翌日。
清晨,唐甜甜睡眼朦胧,还没有从睡梦中醒过来,就被外面吵吵嚷嚷的声音吵醒。
出门一看,众人脸上都露出难掩的喜色,出来将近三个月的时间,将士们怕都生气了思乡的情绪。
一听说要返程,一个个开心得不得了,将各种物件放进包装好放在马车上。
她瞧着有几个人还拿了些这边的特产,看样子是想带回去给家里人尝尝。
“甜甜,你醒啦。”
聂远衡没什么架子,一直在忙来忙去帮着搬东西,知道瞧见唐甜甜出门才过来。
“是不是外面声音太吵?我让他们小点声,要不要再睡会儿?”
唐甜甜笑着摇了摇头,说道:“我也来帮你们吧。”
这些日子她的情绪一直都处于低落状态,见什么都打不起来精神,好不容易主动做一件事,聂远衡自然没有拒绝。
直至中午,才将所有东西装完。
在此期间,他们不知道有一个士兵偷偷到巷子里面好几次,而那里正是陈耀世在等待。
“说了多少次别冒冒失失,万一被人发现怎么办?”
陈耀世忍不住呵斥,即便要走聂远衡对他看得也是极紧,万一被发现可就逃不掉。
“大人放心,属下小心着呢,他们都顾着回京,没注意这边。”
“可确定是真的回京,没有暗中留下人手?”
见他这样说,陈耀世稍微放下心来,接着问出自己最关心的问题。
“您放心吧,昨晚已经点过兵了,大部分昨晚已经连夜出发,此刻怕是走出好几里地。

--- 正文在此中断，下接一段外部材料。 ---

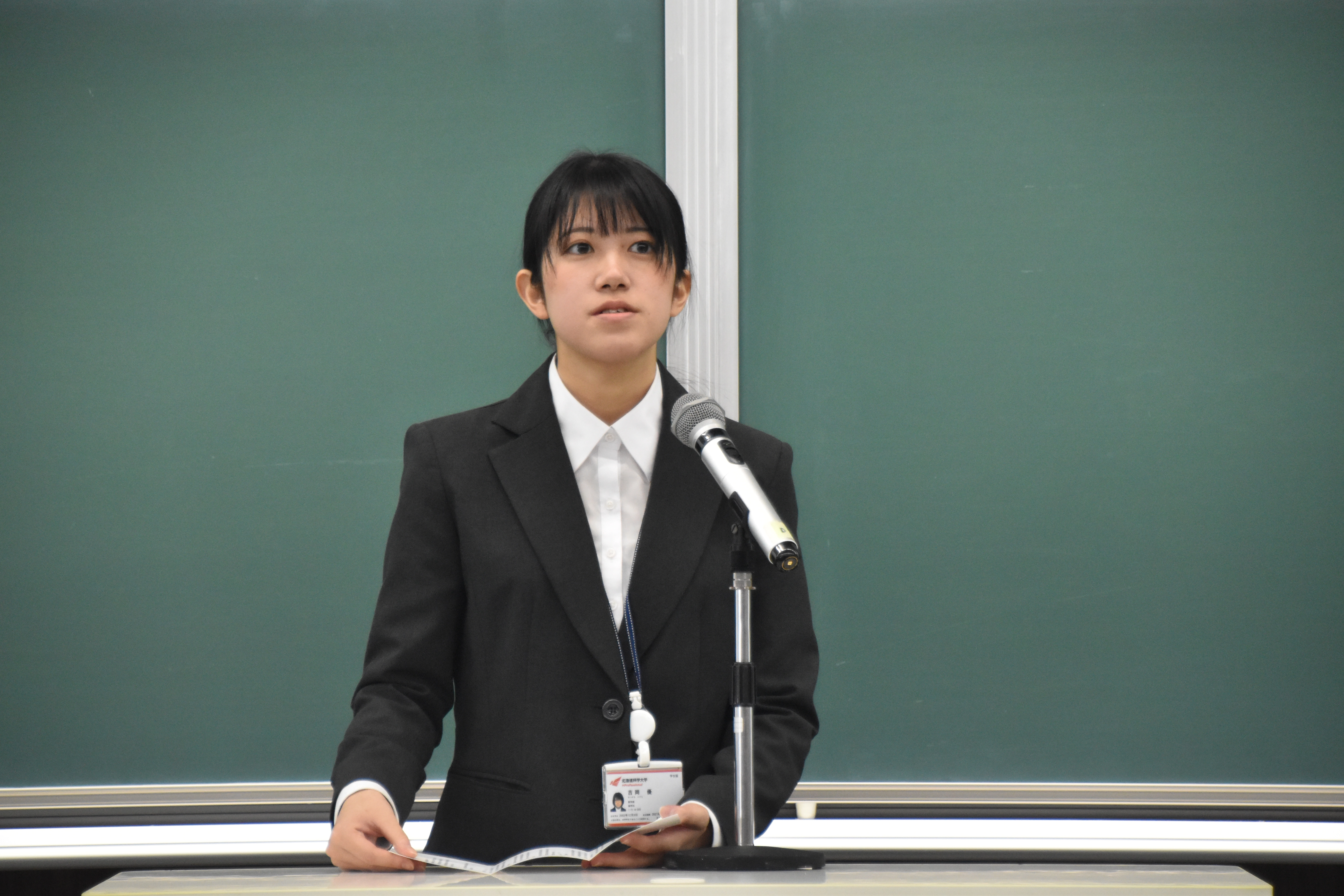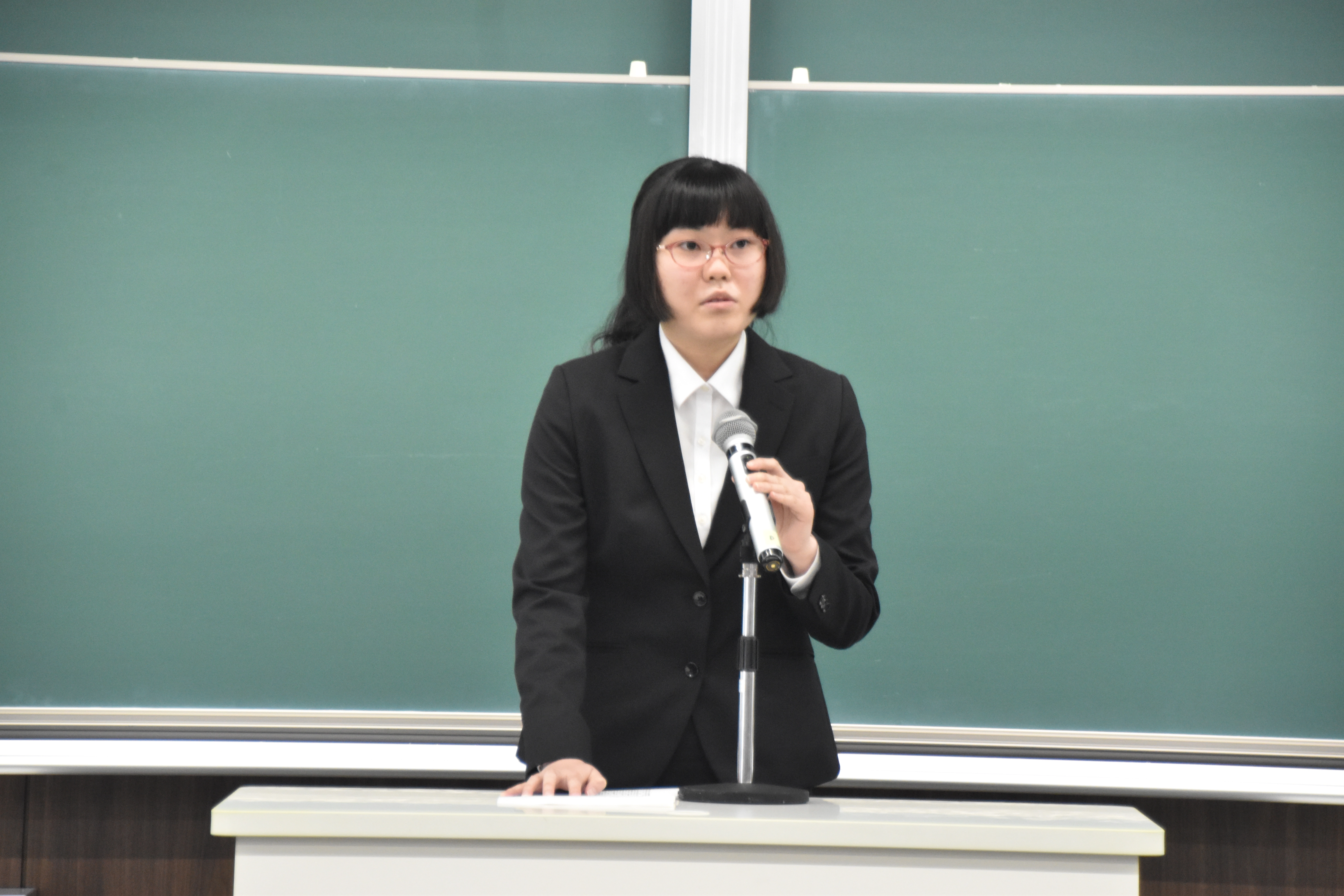 来賓からの祝辞を頂いたあとは、本学薬学部5年生2名から激励のメッセージがありました。

”
“行,行,你务必要看好,有什么情况随时汇报,注意有没有不对劲的地方。”
陈耀世看起来有些心不在焉,似乎在想其他事情,回过神后不停吩咐那名士兵。
成败在此一举。
众人就这样离开城池,尽量用最快的速度赶往京城,营造出一种很是焦急的假象。
这让陈耀世心底安稳了不少,看来这皇帝对他也不是很信任,最难拿捏的便是人心。
行至一处山谷之下,这是最适合设下埋伏的地点,陈耀世安排了人手在这。
待聂远衡一露头,众人就从山下冲了下来,瞬间兵刃交割,又是一处战场。
“甜甜,你且在这待着,我去去就回。”
即便已经料想到这个场景,但她还是有些恐惧,上次掉海的后遗症太大,导致一见到陈耀世的样貌身子就不自觉往后缩。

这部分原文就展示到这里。